Configuration limits

Understanding Loki configuration limits

Loki implements configuration limits to maintain system stability, ensure fair resource distribution, and protect performance across all users. While many limits can be adjusted for specific use cases, some limits represent hard boundaries that should not be exceeded to prevent performance degradation and system instability.
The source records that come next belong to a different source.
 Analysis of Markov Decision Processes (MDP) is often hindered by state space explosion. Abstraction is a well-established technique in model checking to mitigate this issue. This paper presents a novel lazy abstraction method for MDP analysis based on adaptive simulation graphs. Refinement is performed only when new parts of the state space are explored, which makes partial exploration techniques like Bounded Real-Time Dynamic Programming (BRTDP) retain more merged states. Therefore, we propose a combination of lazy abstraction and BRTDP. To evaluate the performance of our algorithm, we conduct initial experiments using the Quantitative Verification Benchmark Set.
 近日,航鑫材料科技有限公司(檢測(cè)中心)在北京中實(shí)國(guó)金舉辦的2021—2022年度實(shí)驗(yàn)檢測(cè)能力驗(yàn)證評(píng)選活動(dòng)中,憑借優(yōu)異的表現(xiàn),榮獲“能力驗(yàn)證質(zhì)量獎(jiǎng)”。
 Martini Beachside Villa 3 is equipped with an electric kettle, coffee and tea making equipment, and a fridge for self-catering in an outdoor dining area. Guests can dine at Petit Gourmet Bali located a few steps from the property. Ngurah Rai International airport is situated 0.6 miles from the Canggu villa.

This topic explains the critical configuration limits in Loki, why they exist, and the consequences of exceeding them.

Why limits exist

Configuration limits in Loki serve multiple essential purposes:

System stability: Limits prevent individual queries or ingestion patterns from exhausting system resources. Without limits, a single tenant or misconfigured application could consume all available memory, CPU, or I/O capacity, causing cascading failures across the entire system.
Performance protection: Loki is optimized for specific usage patterns. Limits ensure that workloads stay within the parameters where Loki performs efficiently. Exceeding these limits often results in exponential performance degradation rather than linear scaling.
Fair resource allocation: In multi-tenant environments, limits ensure that no single tenant can monopolize shared resources. Query workers, ingester memory, and storage I/O must be distributed fairly across all users.
Operational predictability: Limits allow operators to capacity plan and scale infrastructure appropriately. By understanding the boundaries of expected workloads, operators can provision resources that meet SLA requirements.
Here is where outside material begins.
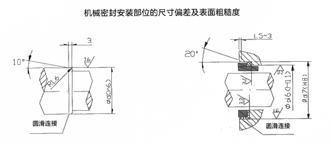 1、與機械密封所配軸和靜環(huán)座的尺寸公差、表面粗糙度和倒角過渡形狀見下圖;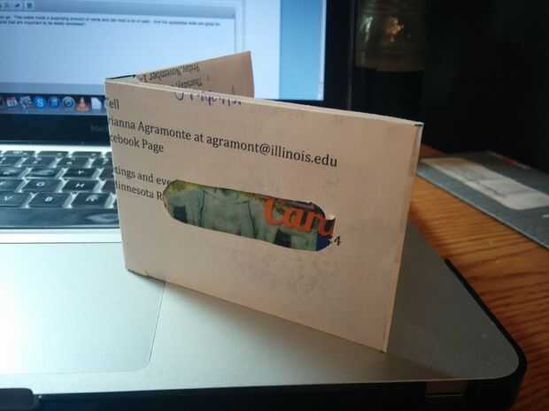 se trata de una billetera de papel basada en el hecho por theRIAA y reforzada con cinta adhesiva. También hay incorporaciones como una ranura de tarjeta de memoria y caso de ID. También puede improvisar sus propio adiciones, que es un paso superior d

The common theme is that exceeding limits doesn’t just affect the user exceeding them—it impacts overall system performance and stability, often affecting all tenants in shared environments.

Ingest limits

Ingest limits protect the ingestion path and prevent resource exhaustion in the ingesters and distributors.

max_global_streams_per_user

Default: 5,000
Large deployments: 80,000
Hard limit: ~200,000 (performance issues become unavoidable)
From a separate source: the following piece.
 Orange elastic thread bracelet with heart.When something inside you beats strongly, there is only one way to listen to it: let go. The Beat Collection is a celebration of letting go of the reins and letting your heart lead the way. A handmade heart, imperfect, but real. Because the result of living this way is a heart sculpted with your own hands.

This limit controls the maximum number of active streams a single tenant can have across all ingesters. Each unique combination of labels creates a separate stream.

Why you should not exceed 200,000 streams:

Streams consume resources throughout the system:

Ingester memory: Each stream maintains in-memory chunks
Index entries: Each stream creates entries in the index
Object storage operations: Each stream generates flush operations
Query overhead: More streams means more chunks to scan during queries

Beyond ~200,000 streams, these costs become prohibitive regardless of infrastructure:

Ingesters run out of memory even with maximum RAM
Index queries become too slow
Chunk flush operations overwhelm object storage
Query performance becomes unacceptable

Consequences of exceeding:

Ingester memory exhaustion and crashes
Extremely slow query performance
Index query timeouts
Excessive object storage operations and costs
Inability to meet performance SLAs
Potential data loss during ingester failures

What to do instead:

Audit your label usage to identify high-cardinality labels
Use static labels for source identification only
Move high-cardinality data to structured metadata
Calculate expected stream count: streams = label1_values × label2_values × ...
Design for fewer than 80,000 streams

ingestion_rate_mb

Default: 4 MB/s
Example: 100 MB/s (which translates to approximately 260TB of data per month.)
Large deployments: Up to 250 MB/s

This limit controls the per-tenant ingestion rate in megabytes per second.

Why this limit exists:

Ingestion rate limits protect against cascading failures:

Sudden traffic spikes can overwhelm ingesters before autoscaling responds
Unbounded ingestion can exhaust ingester memory
High burst rates can cause distributor backpressure
Network and storage I/O can become bottlenecks

Rate limits provide a safety mechanism that allows the system to scale gracefully rather than failing catastrophically.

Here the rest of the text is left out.